Social Security employees aren’t alone in this type of attack on federal workers. Public health workers battling the COVID-19 pandemic have faced a seemingly-constant barrage of physical threats, as have census workers. Recently, the Centers for Disease Control pulled its COVID teams out of Minnesota, following "a series of troubling incidents" that included being accosted by armed men yelling racial epithets. Last year, a Government Accountability Office report said violent threats against workers at the Interior Department’s three public lands agencies were on the rise, with employees receiving at least 360 menacing communications between 2013 and 2017.
Investigators from the Social Security Administration's Office of the Inspector didn’t have much trouble identifying Chandler, as he had been calling about his own account when he made the threats. The agents found him at the Arlington County jail, where he had since been detained on an unrelated charge.
“Yeah, I cussed those people out,” he confessed. “I said I will kill them,” adding that he was “not sorry a bit.”
Chandler was indicted on charges of making threatening interstate communications, and arrested in April by officers from the Federal Protective Service, an agency within the Department of Homeland Security.
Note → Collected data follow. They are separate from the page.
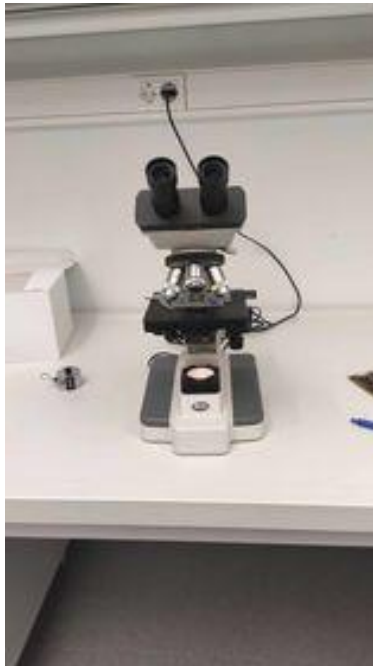
Slika 11. Mikroskop

Kada smo priredili uzorke na stakalca stavljamo ih pod mikroskop pod uvećanje od 400 puta.
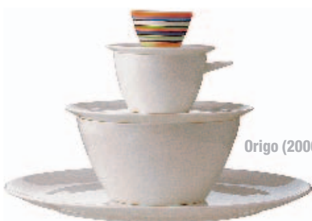
Origo (2000) für Iittala
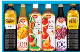
飲料バラエティギフト
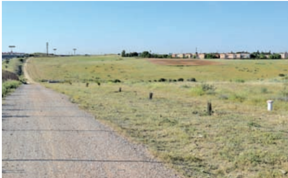
Zona donde se situará el barrio

Alcorcón arrancaba el año con la noticia de que el desarrollo del nuevo barrio de Retamar de la Huerta comenzaría a andar durante 2018. Ahora, la Junta de Gobierno local ha dado un paso más en esa dirección con la aprobación inicial del proyecto reparcelación de una superficie de algo más de 1,1 millones de metros cuadrados situados en la zona noreste de la ciudad, junto al barrio residencial de Cam-
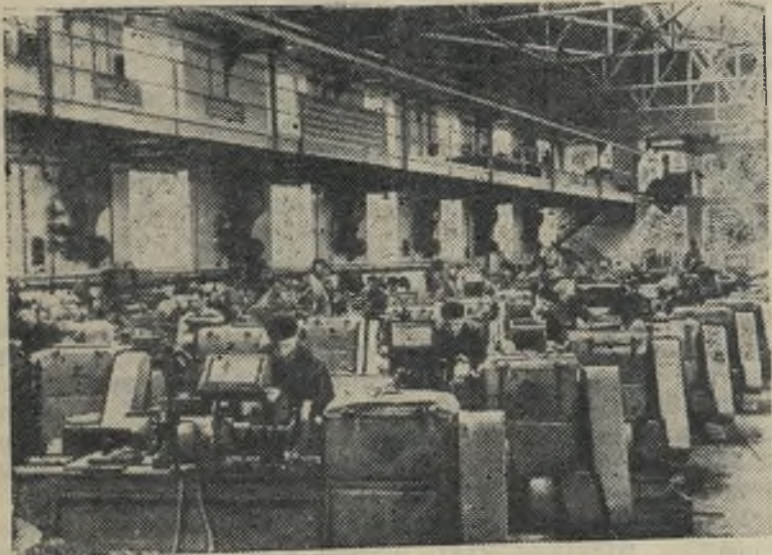
Румынская Народная Республика. Новый инструментальный цех железнодорожных мастерских „Травница-Рошия“ в Бухаресте.

Церемония открытия общества иракской дружбы вылилась в яркую демонстрацию прочной дружбы между народами Советского Союза и Ирака.
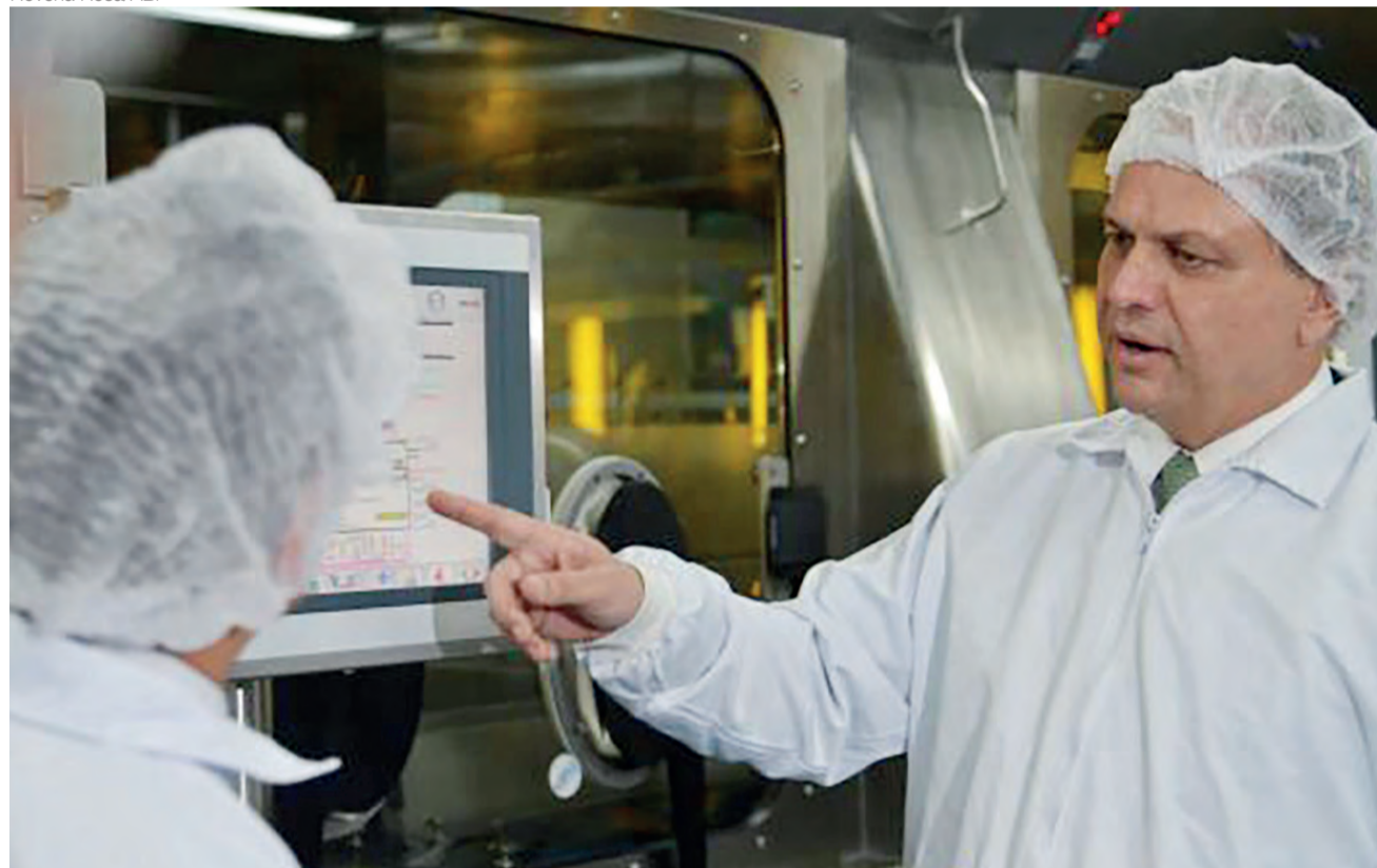
O ministro da Saúde, Ricardo Barros, participa da inauguração da linha final de produção da vacina contra febre amarela na unidade Libbs Farmacêutica

Rio já tem 131 macacos mortos em todo o estado; 69% foram vítimas de ação humana
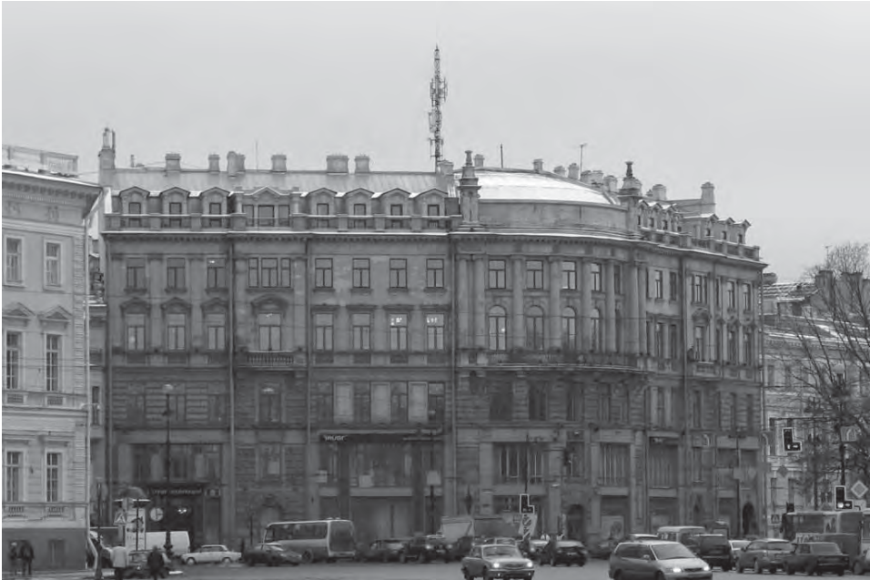
Afbeelding 3: St. Petersburg, Nevskij-Prospekt, gezicht naar het noorden.
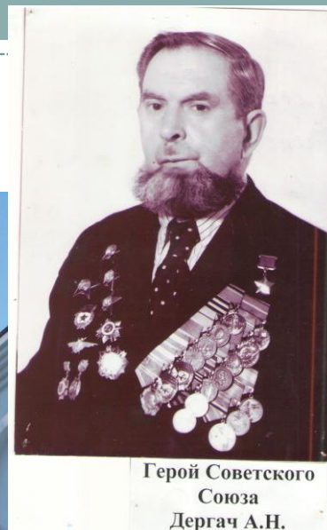
Герой Советского Союза Дергач А.Н.

25 января 2017 года школе присвоили имя героя СССР Дергача А.Н.

He remains at the Alexandria Detention Center (ADC) in Virginia pending sentencing, which is scheduled for Jan. 2021. Since there are no known cases of COVID-19 right now at ADC—unlike the D.C. city jail, which has had dozens—prosecutors argued that Chandler would remain reasonably safe from infection.
Chandler’s sentencing is scheduled for Jan. 12, 2021. He faces up to 20 years, but will likely receive between 30 and 37 months in prison and a fine ranging from $10,000 to $95,000.
Carlos Vanegas, Chandler’s court appointed attorney, did not respond to a request for comment.
A situation like Chandler’s can normally be rectified by a sit-down with law enforcement and doesn’t usually result in prosecution, said Dennis Franks, a retired FBI special agent who now works as a private investigator in Texas.
“It is obvious that this was taken extremely seriously, and considered a viable threat,” Franks told The Daily Beast. “Hopefully this person will get some help.”